北海道遺産に認定されてから知名度が上がり、足寄町といえば螺湾ブキと言っていただけるような特産品になりました。生ブキで販売されるのは、6月上旬から6月下旬までの約1カ月間ぐらい。それ以降は、JAの山菜工場で加工され、いろいろな特産品として販売されています。
それ以外には、小麦、ビート、豆類の畑作3品です。他の十勝管内ではこれに馬鈴薯が加わり、4品の輪作体系をとっていますが、わがマチは中山間地であるため3品でまわしています。しかし、ここ最近、香川県で冷凍食品を作っている「味のちぬや」が町内に集出荷施設を建て、足寄産の馬鈴薯を使ったコロッケの製造に力を入れています。その結果、馬鈴薯の生産も増えています。基本的には業務用で、セブンイレブンで販売しているコロッケパンのコロッケにも使われています。
また、イチゴの栽培も広がっています。温泉熱を利用したハウス栽培で、今は15棟ぐらいで行っています。品種は「スウィーティーアマン」。香り豊かで、中まで赤い、甘いイチゴです。
北海道遺産の螺湾(らわん)ブキ
足寄町は放牧酪農推進のマチです!
昔、わがマチ出身の歌手松山千春さんが、「足寄は人より牛の数が多い」と言っていたぐらいですから、当然、酪農畜産は盛んです。
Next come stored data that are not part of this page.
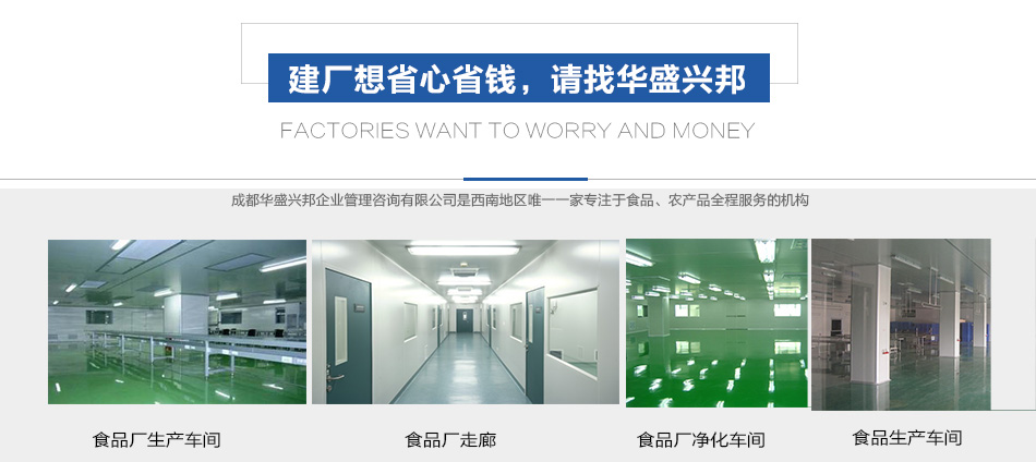 成都华盛兴邦是西南地区唯一一家集:工厂设计、装修施工及生产许可证代申 请等一条龙服务的全产业链服务的公司,更大程度为企业提供便捷、省心、省钱的建厂体验。已服务西南地区上百家食品企业。建厂想省心省钱,请找华盛兴邦!!
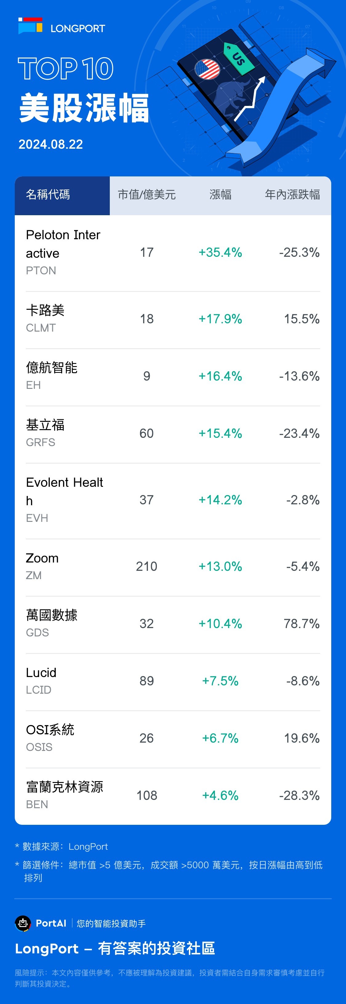 Peloton Interactive(PTON) 涨 35.42%,成交额 5.8 亿美元,年内累计跌 25.3%。 卡路美 (CLMT) 涨 17.88%,成交额 5208.6 万美元,年内累计涨 15.5%。 億航智能 (EH) 涨 16.44%,成交额 7482.0 万美元,年内累计跌 13.6%。
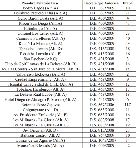f) Los decretos supremos Nº 278, de 1981; Nº 223, de 1989, y Nº 159, de 1993, todos del Ministerio de Transportes y Telecomunicaciones, que otorgaron las concesiones y sus modificaciones posteriores.
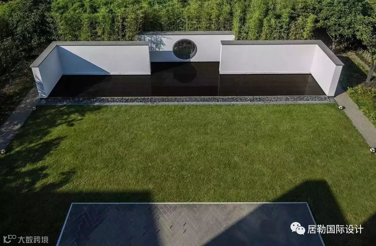 这套别墅位于苏州金鸡湖畔,地上三层、地下一层且前后各有花园。花园与客厅对应的一端设有景观墙,借鉴了苏州园林“粉墙黛瓦”的特征。一池浅水,恰好映出白墙与竹影;墙后隐藏着一条竹林小径,大有“曲径通幽处,禅房花木深”的意境。
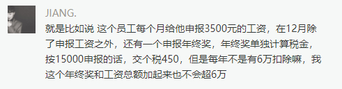 比如,这个朋友继续问的这个问题,如果我不是12月发年终奖,而是年初发的,年初发的时候我并不知道这个员工以后月份的工资收入,我如果先按照年终奖政策申报了,但是后面发现这个人全年综合所得都不高,白交了税了怎么办?

わがマチの特徴は、平成16年に「放牧酪農推進のまち」を宣言したことです。これは本州の方にも知れ渡っていて、放牧酪農をやりたくて、わがマチで就農する人も多い。
酪農には、牛舎の中で牛を飼養管理する「舎飼い」と牧草地に牛を放し飼いして、生い茂る牧草を自由に食べさせる「放牧」の2通りあります。
放牧酪農は、牧草の自給で飼料や大型機械のコストが減ります。そして、牛が運動して食べることで健康になり、朝晩エサをやる労働時間も減り、総体的に収益が上がります。放牧先進国ニュージーランドでは、酪農家の収益が上がり、国の主幹産業にまで成長しました。
わがマチには酪農家は83戸ぐらいいて、純粋に放牧酪農を行っているのは20戸ぐらいでしょうか。後は、一部放牧酪農のメリットを取り入れながら行っています。
JAの方でも、いろいろな経営を尊重するということで、積極的に応援しています。
放牧酪農のようす
観光や特産品について教えてください!
螺湾ブキを使った特産品として、水煮、漬物、塩漬け、佃煮、炊き込みご飯の素、カレー、ふきのとう焼酎などがあります。
そして、ストレスのない放牧酪農の牛の生乳からは、世界的なコンテストで賞をもらっているチーズが作られています。「あしょろチーズ工房」や「しあわせチーズ工房」のチーズはまさに絶品です。今後も新規でチーズを作りたいという職人も続いており、チーズ王国と呼ぶにふさわしいマチになっています。
一方、わがマチには四季を通して様々なイベントがありますが、昨年はコロナ禍の影響で大部分が中止となりました。
6月中旬には、「ラワンぶきまつり」、8月中旬には、約8000発の花火が夜空を彩る「足寄ふるさと盆踊り・両国花火大会」、9月下旬には、オンネトーの自然を満喫する「オンネトー物語」、12月の「ウッドキャンドルナイト」では、カラマツ材などを使った「ウッドキャンドル」と「アイスキャンドル」を点灯し、冬の夜を楽しみます。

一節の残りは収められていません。